**TASK GOAL:** A single stretch of the material below is to be transcribed exactly, starting at the line with "为扎实做好动漫学院毕业生就业" and ending after the line with "Women's Colosseum Black".

**RECORDS PROVIDED:**
============================================================
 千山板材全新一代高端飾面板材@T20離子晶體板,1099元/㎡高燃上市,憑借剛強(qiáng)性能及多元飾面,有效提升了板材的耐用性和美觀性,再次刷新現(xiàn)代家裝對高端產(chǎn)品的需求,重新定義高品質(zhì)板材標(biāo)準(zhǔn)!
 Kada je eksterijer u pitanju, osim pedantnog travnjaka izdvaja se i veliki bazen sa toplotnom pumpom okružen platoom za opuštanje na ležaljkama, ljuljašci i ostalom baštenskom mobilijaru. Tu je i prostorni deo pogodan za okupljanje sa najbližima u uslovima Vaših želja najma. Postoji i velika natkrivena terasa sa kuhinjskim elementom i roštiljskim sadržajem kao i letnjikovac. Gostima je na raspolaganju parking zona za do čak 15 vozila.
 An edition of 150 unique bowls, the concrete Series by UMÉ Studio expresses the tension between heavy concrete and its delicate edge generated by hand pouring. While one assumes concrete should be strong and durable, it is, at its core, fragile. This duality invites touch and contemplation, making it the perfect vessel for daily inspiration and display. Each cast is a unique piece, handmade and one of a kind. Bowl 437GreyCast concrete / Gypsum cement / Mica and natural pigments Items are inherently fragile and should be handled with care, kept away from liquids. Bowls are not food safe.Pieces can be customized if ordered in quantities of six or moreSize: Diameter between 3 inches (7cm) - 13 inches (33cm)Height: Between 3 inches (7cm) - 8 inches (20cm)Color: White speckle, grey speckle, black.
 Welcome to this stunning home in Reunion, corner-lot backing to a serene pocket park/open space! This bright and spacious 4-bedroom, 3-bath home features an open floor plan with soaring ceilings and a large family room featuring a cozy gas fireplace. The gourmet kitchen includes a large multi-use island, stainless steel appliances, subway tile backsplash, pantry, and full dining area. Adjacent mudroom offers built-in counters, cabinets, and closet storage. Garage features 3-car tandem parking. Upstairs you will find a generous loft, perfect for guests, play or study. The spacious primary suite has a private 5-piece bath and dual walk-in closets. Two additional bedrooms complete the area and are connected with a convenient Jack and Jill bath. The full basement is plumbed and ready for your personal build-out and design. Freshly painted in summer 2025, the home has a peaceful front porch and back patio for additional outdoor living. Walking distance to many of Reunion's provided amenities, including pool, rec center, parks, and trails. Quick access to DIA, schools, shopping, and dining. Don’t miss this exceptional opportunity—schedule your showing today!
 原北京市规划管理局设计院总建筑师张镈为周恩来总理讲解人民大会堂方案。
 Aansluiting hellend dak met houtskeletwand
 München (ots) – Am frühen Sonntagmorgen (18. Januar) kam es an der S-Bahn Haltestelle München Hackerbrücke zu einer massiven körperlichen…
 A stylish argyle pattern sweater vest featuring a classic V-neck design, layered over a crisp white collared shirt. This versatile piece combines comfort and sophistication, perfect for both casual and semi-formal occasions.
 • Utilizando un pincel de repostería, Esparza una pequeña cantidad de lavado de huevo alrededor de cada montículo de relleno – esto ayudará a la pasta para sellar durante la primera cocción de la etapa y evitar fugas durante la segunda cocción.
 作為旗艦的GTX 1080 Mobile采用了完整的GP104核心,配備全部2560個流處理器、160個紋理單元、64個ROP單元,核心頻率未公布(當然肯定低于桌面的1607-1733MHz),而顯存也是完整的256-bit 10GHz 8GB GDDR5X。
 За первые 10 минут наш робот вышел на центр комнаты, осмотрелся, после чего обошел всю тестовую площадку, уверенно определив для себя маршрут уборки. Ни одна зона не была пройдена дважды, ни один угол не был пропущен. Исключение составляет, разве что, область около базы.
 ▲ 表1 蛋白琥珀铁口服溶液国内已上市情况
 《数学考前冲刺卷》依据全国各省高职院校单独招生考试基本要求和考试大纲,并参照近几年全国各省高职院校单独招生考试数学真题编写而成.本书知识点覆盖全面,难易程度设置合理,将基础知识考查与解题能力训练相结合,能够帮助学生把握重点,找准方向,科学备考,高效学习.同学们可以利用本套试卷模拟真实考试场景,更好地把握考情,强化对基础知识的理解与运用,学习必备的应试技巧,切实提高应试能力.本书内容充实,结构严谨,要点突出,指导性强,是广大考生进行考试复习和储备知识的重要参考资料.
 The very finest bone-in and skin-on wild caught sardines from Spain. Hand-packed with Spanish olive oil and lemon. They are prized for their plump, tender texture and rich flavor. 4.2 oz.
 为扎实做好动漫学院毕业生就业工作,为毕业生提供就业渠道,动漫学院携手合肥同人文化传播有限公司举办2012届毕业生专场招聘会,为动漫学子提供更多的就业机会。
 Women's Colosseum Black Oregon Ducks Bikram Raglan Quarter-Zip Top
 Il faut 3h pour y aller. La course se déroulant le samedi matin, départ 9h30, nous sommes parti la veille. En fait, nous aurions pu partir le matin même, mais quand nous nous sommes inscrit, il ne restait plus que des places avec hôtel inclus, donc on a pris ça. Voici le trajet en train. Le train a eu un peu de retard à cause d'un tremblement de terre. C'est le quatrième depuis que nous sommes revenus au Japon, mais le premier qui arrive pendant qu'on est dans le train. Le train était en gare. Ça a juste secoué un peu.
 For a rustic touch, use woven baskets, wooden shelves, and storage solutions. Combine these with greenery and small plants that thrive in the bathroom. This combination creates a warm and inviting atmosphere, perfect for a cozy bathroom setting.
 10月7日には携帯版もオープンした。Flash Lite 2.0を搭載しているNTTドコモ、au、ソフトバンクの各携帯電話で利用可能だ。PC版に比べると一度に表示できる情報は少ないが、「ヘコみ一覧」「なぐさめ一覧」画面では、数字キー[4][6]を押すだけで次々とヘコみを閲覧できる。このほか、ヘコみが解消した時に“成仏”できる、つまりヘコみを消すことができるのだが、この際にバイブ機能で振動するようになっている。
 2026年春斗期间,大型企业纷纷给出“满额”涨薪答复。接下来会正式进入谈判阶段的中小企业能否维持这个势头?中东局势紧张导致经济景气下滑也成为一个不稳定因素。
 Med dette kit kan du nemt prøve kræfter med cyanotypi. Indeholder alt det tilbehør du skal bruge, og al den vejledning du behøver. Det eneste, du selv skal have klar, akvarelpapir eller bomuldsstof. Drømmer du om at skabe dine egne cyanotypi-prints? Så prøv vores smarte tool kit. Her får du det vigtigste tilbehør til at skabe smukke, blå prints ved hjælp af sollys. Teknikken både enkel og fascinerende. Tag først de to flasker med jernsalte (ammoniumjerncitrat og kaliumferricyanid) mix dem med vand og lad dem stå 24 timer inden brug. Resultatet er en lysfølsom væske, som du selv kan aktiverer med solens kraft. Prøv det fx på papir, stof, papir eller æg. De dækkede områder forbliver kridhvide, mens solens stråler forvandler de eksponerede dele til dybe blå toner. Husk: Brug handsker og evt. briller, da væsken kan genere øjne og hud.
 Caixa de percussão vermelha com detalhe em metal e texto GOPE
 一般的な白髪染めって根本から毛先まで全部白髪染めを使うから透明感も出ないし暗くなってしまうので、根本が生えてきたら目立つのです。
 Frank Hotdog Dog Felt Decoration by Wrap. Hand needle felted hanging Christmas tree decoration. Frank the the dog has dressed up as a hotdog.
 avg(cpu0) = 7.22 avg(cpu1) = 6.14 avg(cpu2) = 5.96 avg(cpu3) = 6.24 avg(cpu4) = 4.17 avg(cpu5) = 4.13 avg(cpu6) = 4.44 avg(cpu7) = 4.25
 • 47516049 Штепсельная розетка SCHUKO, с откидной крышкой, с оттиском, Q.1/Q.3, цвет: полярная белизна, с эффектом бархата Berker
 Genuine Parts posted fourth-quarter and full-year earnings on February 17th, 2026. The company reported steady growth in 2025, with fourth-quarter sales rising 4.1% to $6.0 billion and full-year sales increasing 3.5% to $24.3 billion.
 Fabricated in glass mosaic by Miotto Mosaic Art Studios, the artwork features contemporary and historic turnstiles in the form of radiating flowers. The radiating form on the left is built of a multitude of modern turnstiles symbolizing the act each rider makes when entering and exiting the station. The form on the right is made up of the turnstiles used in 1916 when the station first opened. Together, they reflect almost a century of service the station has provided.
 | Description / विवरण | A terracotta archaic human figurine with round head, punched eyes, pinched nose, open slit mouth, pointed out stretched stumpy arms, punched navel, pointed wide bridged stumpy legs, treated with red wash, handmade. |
============================================================
**WRITTEN RESPONSE:**
 为扎实做好动漫学院毕业生就业工作,为毕业生提供就业渠道,动漫学院携手合肥同人文化传播有限公司举办2012届毕业生专场招聘会,为动漫学子提供更多的就业机会。
 Women's Colosseum Black Oregon Ducks Bikram Raglan Quarter-Zip Top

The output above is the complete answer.